■ TASK STATEMENT ■
Produce a verbatim transcript of the entries below, excluding pictures.

■ AVAILABLE DATA ■

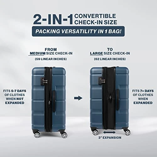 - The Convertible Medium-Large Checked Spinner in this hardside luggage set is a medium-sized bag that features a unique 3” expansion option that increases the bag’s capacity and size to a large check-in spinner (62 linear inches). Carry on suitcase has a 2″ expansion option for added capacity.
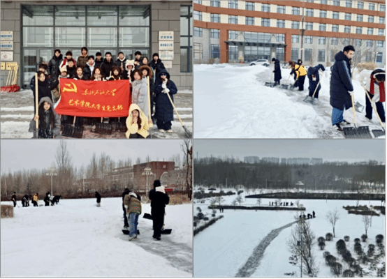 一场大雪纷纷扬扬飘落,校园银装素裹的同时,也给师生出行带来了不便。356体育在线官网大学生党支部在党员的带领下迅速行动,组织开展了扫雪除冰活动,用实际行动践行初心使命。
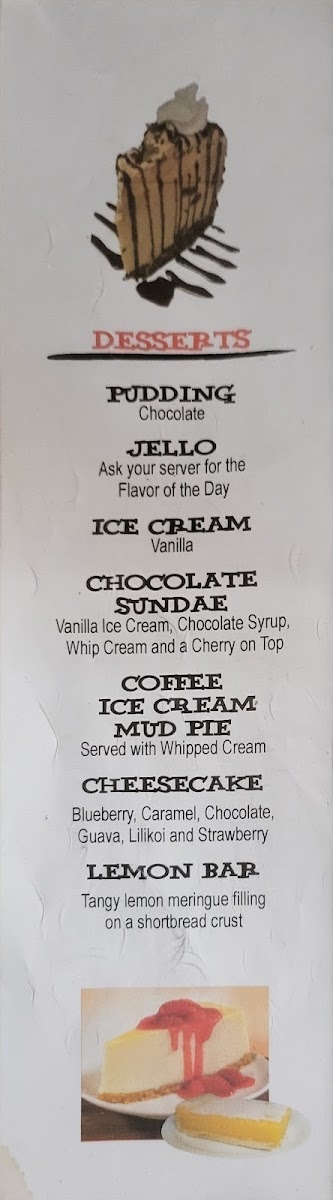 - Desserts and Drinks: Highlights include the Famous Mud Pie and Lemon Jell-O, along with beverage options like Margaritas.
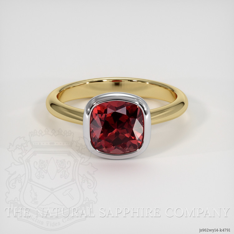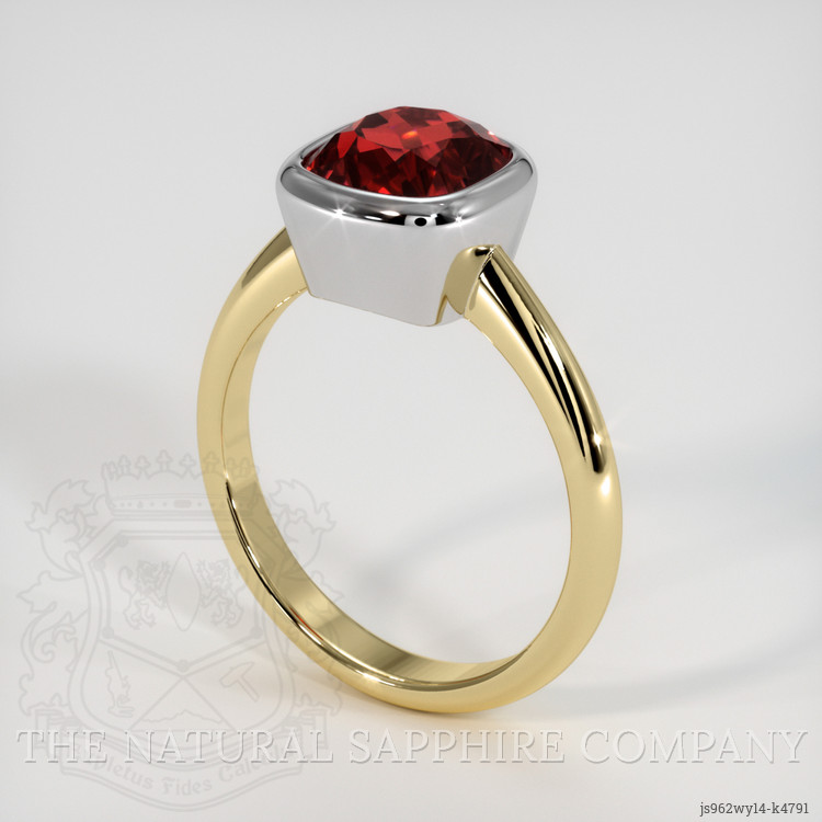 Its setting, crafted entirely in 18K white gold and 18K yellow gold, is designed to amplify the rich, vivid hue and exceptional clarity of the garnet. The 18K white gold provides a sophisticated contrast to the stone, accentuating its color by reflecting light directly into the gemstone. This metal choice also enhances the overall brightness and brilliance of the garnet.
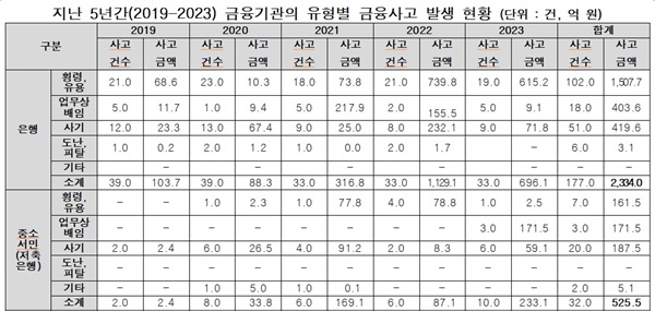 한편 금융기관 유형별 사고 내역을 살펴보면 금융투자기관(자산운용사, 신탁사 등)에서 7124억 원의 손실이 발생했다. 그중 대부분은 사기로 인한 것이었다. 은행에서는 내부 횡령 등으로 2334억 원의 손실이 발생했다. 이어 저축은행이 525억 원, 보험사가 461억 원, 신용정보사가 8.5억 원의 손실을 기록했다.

■ TASK RESPONSE ■
 - The Convertible Medium-Large Checked Spinner in this hardside luggage set is a medium-sized bag that features a unique 3” expansion option that increases the bag’s capacity and size to a large check-in spinner (62 linear inches). Carry on suitcase has a 2″ expansion option for added capacity.
 一场大雪纷纷扬扬飘落,校园银装素裹的同时,也给师生出行带来了不便。356体育在线官网大学生党支部在党员的带领下迅速行动,组织开展了扫雪除冰活动,用实际行动践行初心使命。
 - Desserts and Drinks: Highlights include the Famous Mud Pie and Lemon Jell-O, along with beverage options like Margaritas.
 Its setting, crafted entirely in 18K white gold and 18K yellow gold, is designed to amplify the rich, vivid hue and exceptional clarity of the garnet. The 18K white gold provides a sophisticated contrast to the stone, accentuating its color by reflecting light directly into the gemstone. This metal choice also enhances the overall brightness and brilliance of the garnet.
 한편 금융기관 유형별 사고 내역을 살펴보면 금융투자기관(자산운용사, 신탁사 등)에서 7124억 원의 손실이 발생했다. 그중 대부분은 사기로 인한 것이었다. 은행에서는 내부 횡령 등으로 2334억 원의 손실이 발생했다. 이어 저축은행이 525억 원, 보험사가 461억 원, 신용정보사가 8.5억 원의 손실을 기록했다.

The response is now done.